• _WHAT IS EXPECTED_
Take the data below and extract the lines from the one with "5月24日,我校与济宁能源集" to the one with "Бутылка-термос из нержавеющей", inclusive, exactly as written.

• _WORKING DATA_
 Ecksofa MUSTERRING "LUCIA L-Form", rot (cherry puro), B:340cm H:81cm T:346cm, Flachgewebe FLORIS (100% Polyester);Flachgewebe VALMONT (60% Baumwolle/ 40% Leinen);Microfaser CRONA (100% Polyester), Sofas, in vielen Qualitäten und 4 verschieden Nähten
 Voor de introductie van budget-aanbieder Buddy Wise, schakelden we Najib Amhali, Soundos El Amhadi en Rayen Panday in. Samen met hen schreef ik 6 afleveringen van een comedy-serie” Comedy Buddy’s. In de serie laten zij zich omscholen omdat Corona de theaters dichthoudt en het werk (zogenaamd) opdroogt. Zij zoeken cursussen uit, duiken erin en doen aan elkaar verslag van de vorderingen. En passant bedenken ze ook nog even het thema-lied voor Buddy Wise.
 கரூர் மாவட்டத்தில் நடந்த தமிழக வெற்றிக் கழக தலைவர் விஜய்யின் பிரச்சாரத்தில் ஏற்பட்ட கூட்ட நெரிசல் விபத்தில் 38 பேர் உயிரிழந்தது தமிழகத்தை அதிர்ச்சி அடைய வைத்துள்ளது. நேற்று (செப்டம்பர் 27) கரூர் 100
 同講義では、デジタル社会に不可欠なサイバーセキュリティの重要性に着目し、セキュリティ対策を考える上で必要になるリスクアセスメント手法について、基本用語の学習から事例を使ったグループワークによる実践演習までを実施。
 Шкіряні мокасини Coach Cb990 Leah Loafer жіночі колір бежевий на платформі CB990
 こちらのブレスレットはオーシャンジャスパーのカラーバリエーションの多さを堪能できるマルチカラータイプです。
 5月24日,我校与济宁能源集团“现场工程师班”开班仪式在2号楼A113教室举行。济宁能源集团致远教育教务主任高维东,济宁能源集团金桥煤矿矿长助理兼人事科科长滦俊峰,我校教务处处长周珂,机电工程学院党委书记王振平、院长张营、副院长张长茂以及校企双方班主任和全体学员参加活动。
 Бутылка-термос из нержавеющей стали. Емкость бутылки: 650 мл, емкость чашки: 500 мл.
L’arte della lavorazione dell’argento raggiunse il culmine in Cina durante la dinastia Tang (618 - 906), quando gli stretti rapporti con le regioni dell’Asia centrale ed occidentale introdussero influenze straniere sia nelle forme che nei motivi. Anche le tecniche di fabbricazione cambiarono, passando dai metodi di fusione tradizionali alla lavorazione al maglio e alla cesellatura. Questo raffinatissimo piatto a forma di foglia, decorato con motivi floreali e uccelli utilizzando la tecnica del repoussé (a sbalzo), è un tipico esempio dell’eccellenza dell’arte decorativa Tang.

• _SOLVED PROBLEM_
 5月24日,我校与济宁能源集团“现场工程师班”开班仪式在2号楼A113教室举行。济宁能源集团致远教育教务主任高维东,济宁能源集团金桥煤矿矿长助理兼人事科科长滦俊峰,我校教务处处长周珂,机电工程学院党委书记王振平、院长张营、副院长张长茂以及校企双方班主任和全体学员参加活动。
 Бутылка-термос из нержавеющей стали. Емкость бутылки: 650 мл, емкость чашки: 500 мл.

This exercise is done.